10-23-2015 03:52 PM
Solved! Go to Solution.
10-23-2015 04:30 PM
What I have done is to reposition front panel objects with their x and y positions programmatically depending on the display resolution. I've done this on programs in the old Visual Studio days, and it worked fine on the LabView program, but this was done from an ini file instead of reading in the display resolution. I just put a few resolutions with the constants for positions into a case structure, and then on program start the correct constants read out to the front panel objects positions. This was a program that would only go on three computers in the factory so I didn't bother reading in the resolution to set the case structure like it really should be.
I didn't like all of the property nodes on the block diagram. If I had to do it over it would be better to use x and y position arrays and then set the positions by reference in a loop.
I've also never been happy with the positioning when resizing my front panels.

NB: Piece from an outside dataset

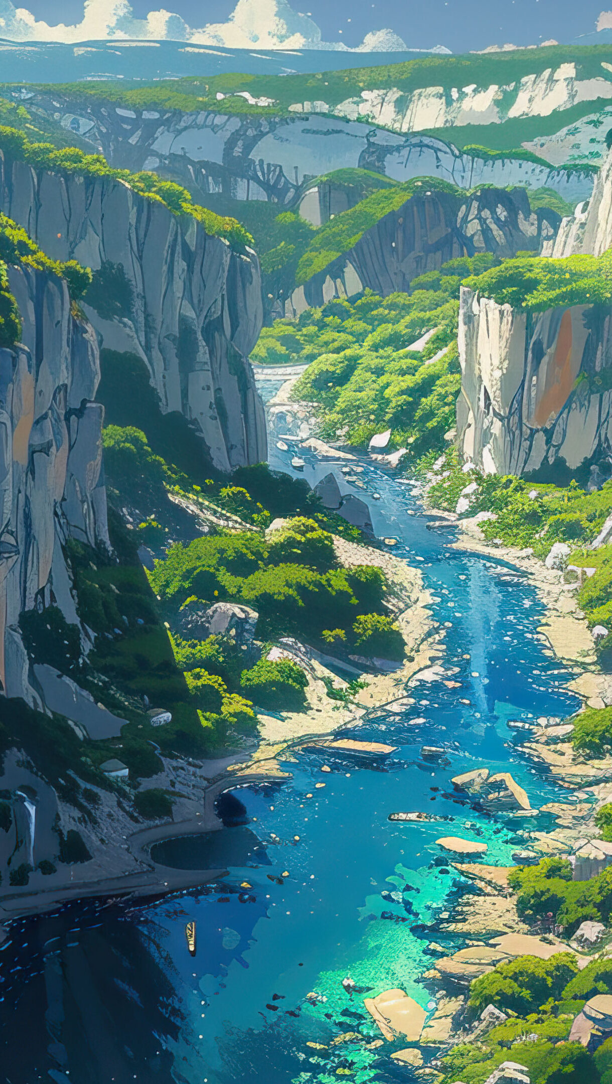 A breathtaking 4K wallpaper featuring a stunning cliffside river valley. The scene captures the serenity of a winding river flowing through lush greenery, with towering cliffs providing a majestic backdrop. Perfect for adding a touch of nature to your desktop or mobile screen.
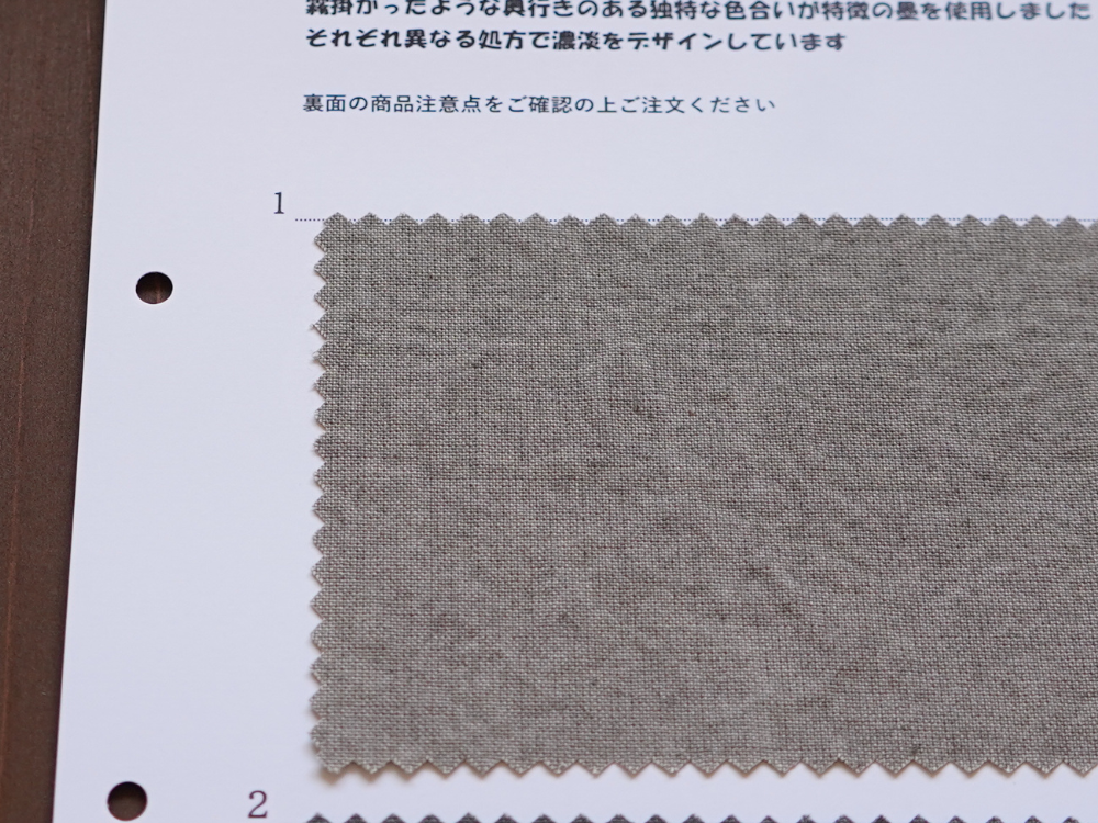 天然繊維特有の素材特性による微細欠点につきましては程度に関わらずノークレームにて予めご了承のほどお願いいたします。 商品の最新状況は営業までご確認ください。 やむを得ず廃色が発生する場合があります。 資料は手で作成しているため色番号、色名が不鮮明な場合があります。 ご了承ください。 資料の表面、裏面に記載してある特徴、注意点をご確認ください。 >>> 当ウェブサイトでは コットン(綿)、リネン(麻)、綿麻、ヘンプ、和紙、バンブー(竹)、レーヨン(ビスコース)、ナイロン、シルク などの素材を使用した生地をベースに 反応染料、硫化染料、顔料、墨(墨汁)、インディゴ、柿渋 などを使用した加工反を広く紹介しています 資料送付は無償です 是非、様々な生地をピックアップしてください |

One program I had one view with a graph that needed to be maximized and used the same basic approach for controls to make it look better, but this one didn't support multiple display resolutions.
10-25-2015 11:08 AM
I just plan my GUIs based on the smallest resolutions my program will see. If more information is needed than can fit onto that screen, tab controls or subpanels are typically the way to go.
10-25-2015 11:17 AM
10-25-2015 11:22 AM
@ijustlovemath wrote:
It's really only my main Vi that has resolution problems. The rest of my VIs are dialog boxes for the most part. How do you avoid the problems listed in the OP where buttons get warped/moved off the screen at lower resolutions?
I don't autoscale. I have not ran into any modern resolutions that cause warping. If I find time, I do some experiments with some.
10-26-2015 07:41 AM
You can add some splitter bars and have only certain parts scale. It might not be enough, if it's a "button section" and a graph e.g. that's a good way to only have the graph scale.